### WORK ORDER:
Once the pictures are set aside, transcribe each line of the listing exactly.

### PROVIDED RECORDS:
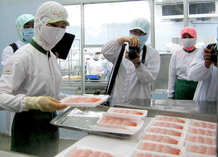 Không chỉ chú trọng thu hút nhà đầu tư mới, TP Cần Thơ còn tạo điều kiện thuận lợi để các DN đang hoạt động phát triển lâu dài, bền vững. Trong ảnh: Tham quan dây chuyền chế biến tôm tại Công ty TNHH Thực phẩm Thủy sản Nam Hải, KCN Trà Nóc.
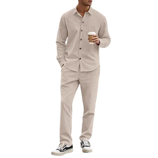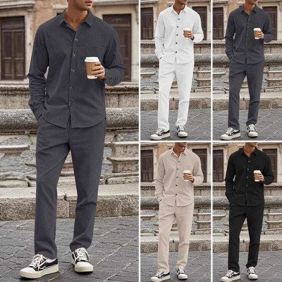 Удобная повседневная одежда: Этот костюм из рубашки с длинными рукавами и брюк, созданный для комфорта и стиля, идеально подходит для повседневной носки, предлагая сочетание изысканности и непринужденности, благодаря которому вы будете выглядеть модно, куда бы вы ни пошли.
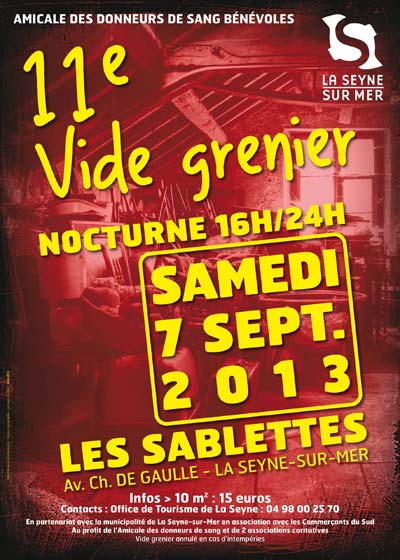 Samedi 7 septembre 2013 de 16 heures à minuit, un onzième vide-grenier sera organisé aux Sablettes par l'amicale des donneurs de sang bénévoles en partenariat avec la Ville et l'association des Commerçants du Sud.
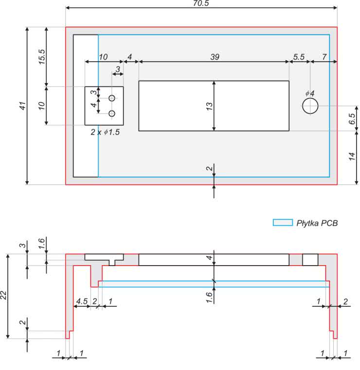 Omówiliśmy zagadnienia związane z obsługą, przejdźmy zatem do nie mniej ciekawych kwestii dotyczących obudowy urządzenia. Przystępując do prac projektowych, przygotowałem stosowny projekt 2D, którego rysunek z zaznaczeniem wszystkich niezbędnych wymiarów pokazano na rysunku 6.
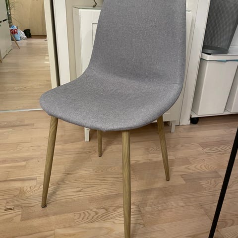 Vi selger 6 flotte spisestue stoler for kun kr 500,- pr stk. God sittekomfort! Solid bomull/lin blanding. Lysegrå. Kom og se og prøvesitt.
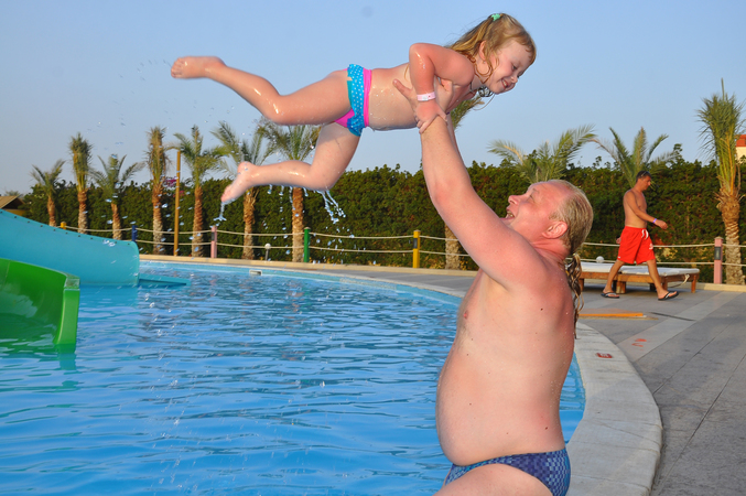 Этот бассейн всего 55 см глубиной, и мы там тусили постоянно)) Что не сделаешь, ради любимой дочурки)) он почти горячий, и можно не вылезать, хоть целый день))

### RESPONSE TO THIS TASK:
 Không chỉ chú trọng thu hút nhà đầu tư mới, TP Cần Thơ còn tạo điều kiện thuận lợi để các DN đang hoạt động phát triển lâu dài, bền vững. Trong ảnh: Tham quan dây chuyền chế biến tôm tại Công ty TNHH Thực phẩm Thủy sản Nam Hải, KCN Trà Nóc.
 Удобная повседневная одежда: Этот костюм из рубашки с длинными рукавами и брюк, созданный для комфорта и стиля, идеально подходит для повседневной носки, предлагая сочетание изысканности и непринужденности, благодаря которому вы будете выглядеть модно, куда бы вы ни пошли.
 Samedi 7 septembre 2013 de 16 heures à minuit, un onzième vide-grenier sera organisé aux Sablettes par l'amicale des donneurs de sang bénévoles en partenariat avec la Ville et l'association des Commerçants du Sud.
 Omówiliśmy zagadnienia związane z obsługą, przejdźmy zatem do nie mniej ciekawych kwestii dotyczących obudowy urządzenia. Przystępując do prac projektowych, przygotowałem stosowny projekt 2D, którego rysunek z zaznaczeniem wszystkich niezbędnych wymiarów pokazano na rysunku 6.
 Vi selger 6 flotte spisestue stoler for kun kr 500,- pr stk. God sittekomfort! Solid bomull/lin blanding. Lysegrå. Kom og se og prøvesitt.
 Этот бассейн всего 55 см глубиной, и мы там тусили постоянно)) Что не сделаешь, ради любимой дочурки)) он почти горячий, и можно не вылезать, хоть целый день))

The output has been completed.